Imaging was performed on rabbit femora under anesthesia prior to and immediately following RFA treatment (day 14) as well as immediately prior to animal sacrifice (day 28) on a 3.0T GE scanner (GE Healthcare, Milwaukee, WI) using a 5″ surface coil. Images were acquired using standard 3D-SPoiled Gradient Recalled (SPGR) and 3D-fast imaging employing steady state acquisition (FIESTA) sequences. A typical field of view of 16 cm (matrix = 256 × 256), slice thickness of 3 mm, TR/TE 8.3/3.1 ms and flip angle of 55 was used for the FIESTA sequences. A typical field of view of 16 cm (matrix = 512 × 512), slice thickness of 3 mm, TR/TE 4.4/1.6 ms and flip angle of 30 was used for the SPGR sequences. Gd-DTPA contrast agent (0.1 mmol/kg) was injected intravenously and post contrast images were acquired. All images were analyzed to quantify surface area and volume measurements of the tumour and to assess the ablation zone (including the peripheral rim) by manual segmentation of the region of effect (Amira 5.2 software, Visage Imaging GmbH, Germany). Results were then compared to histology images (described below), to confirm the zone of ablation and qualitatively assess the ease of detection of the ablated regions using MRI.

Histology

The femora containing tumour and surrounding thigh soft tissues were harvested post sacrifice.

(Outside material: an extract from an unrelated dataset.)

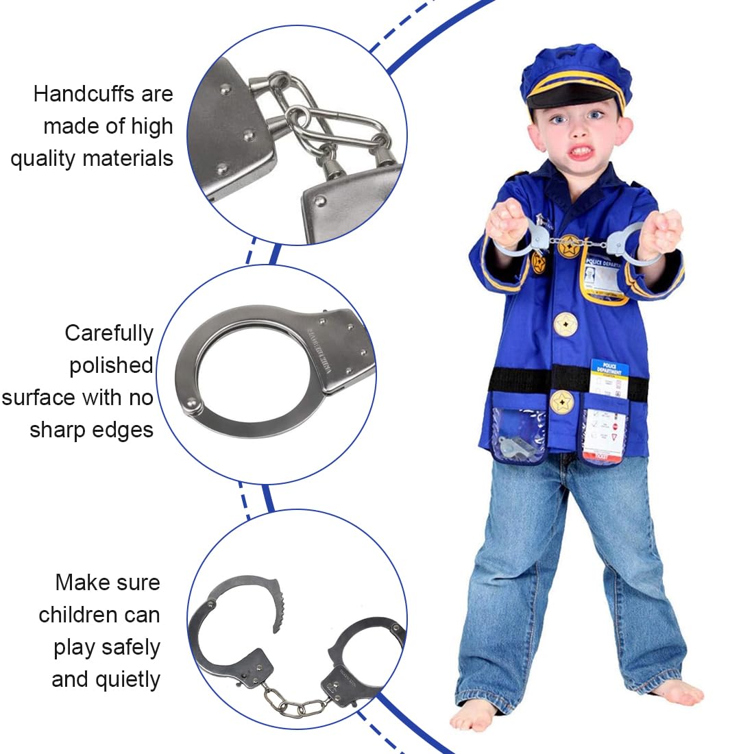 Facile et sûr à utiliser : Peut être adapté à des poignets de différentes tailles, facile à transporter, le badge de police et la chaîne texturée s'accrochent à l'enfant sans aucune pression. Menottes Police en Métal accessoire policier Description du produit Costume policier enfant avec menottes est un excellent choix pour les enfants qui aiment jouer à la police. Costume de cosplay cool : ce costume de police de cosplay convient à de nombreuses occasions, de Halloween aux jeux de rôle de minuit, aux jeux de fête sur le thème de la police et plus encore. Cadeau unique: Police equipement accessoires enfant est un cadeau d'anniversaire idéal pour enfant, favorise également le développement de compétences telles que l'imagination, la créativité et, le jeu social. Parfait pour les enfants qui veulent se déguiser en policiers et jouer avec d'autres amis. Notre costume de police est fait de matériaux sûrs et durables et fournit des accessoires réalistes que les enfants adoreront. TXS GETRICH Police Equipement Accessoires Enfant, 5 Pièces Police Des variations mineures (1 - 2cm / Inch) peuvent survenir en raison du processus de production manuel. Costume policier enfant comprend des menottes, des lunettes, des badges et des écouteurs, tout ce dont votre enfant a besoin pour jouer le rôle d'un policier ou d'un agent. Les mesures sont approximatives. Tu veux vraiment être flic plus tard? Avec l' ensemble de police 5 pièces pour enfants, vous pouvez essayer à quoi ressemble la vie en tant que policier! Le grand ensemble complète également chaque costume de police Deguisement Halloween Sexy Homme Costume Policier JurciCat Costume Police Enfant - Kit 5 Pièces Avec Menottes, Insigne Et Sifflet Pour Jeux De Rôle Et Fêtes Accessoires Déguisement Policier Menottes Jouet Métal Badge Police Spécifications: Matière: métal, alliage, cuir, plastique Taille: Comme le montre l'image Quantité: 5 pièces Le forfait contient: 1 x lunettes de soleil 1 x menottes 1 x clé pour menottes 1 x insigne de police 1 x bouchon d'oreille Note: La couleur du produit peut varier légèrement en raison des conditions d'éclairage, des paramètres d'affichage ou de l'écran de l'appareil.

Specimens were fixed in 10 % neutral buffered formalin. To facilitate EDTA decalcification [21], the femora were cut transversely at the proximal ends (i.e. distant to tumour and therapy region). Hematoxylin and eosin (H&E) staining was used to assess the osseous ablation zone. Tartrate-resistant acid phosphatase (TRAP) staining was used to identify osteoclast activity in each of the diseased and healthy samples. Terminal deoxynucleotidyl transferase dUTP nick end labeling (TUNEL) staining was used to identify apoptotic cells in bone. Cell death was determined by counting the number of cells containing nuclei with apoptotic morphology that were also stained dark brown with 3,3′-Diaminobenzidine (DAB). A positive pixel count algorithm was used. Finally, AE1/AE3 cytokeratin staining of cells of epithelial origin was used to determine VX2 tumour cell necrosis. Cells with melted, indistinct membrane and coagulated cytoplasm and nuclei were counted as treated and dead, while intact, plump cells with clear healthy morphology were considered unaffected.

Study design and analysis

Sample size was determined using the web-based Harvard Sample Size Calculator for a parallel study, with standard deviation and difference-in-means input values determined via measurements from the size of ablation zone (i.e. volume of an ovoid) of pilot experiment’s lesions. Statistical analysis of the two treatment parallel-design study was conducted using a Student’s t test to compare pairs of independent groups by means of PASW software (Version 18.0, Chicago, IL, USA).

Results

VX2 tumour growth and application of RFA

VX2 tumours were generated in all injected rabbit femora. Manual segmentation of the MR images revealed generated femoral tumours ranging from 0.9 to 1.9 cm3 in volume (average 1.4 ± 0.5 cm3) at day 14 (Table 1). RFA treatment was technically successful without any device-related issues or disruptions. The RF generator was stable through the procedure delivering a consistent energy output of 5–10 W to treated femora over the prescribed 15 min.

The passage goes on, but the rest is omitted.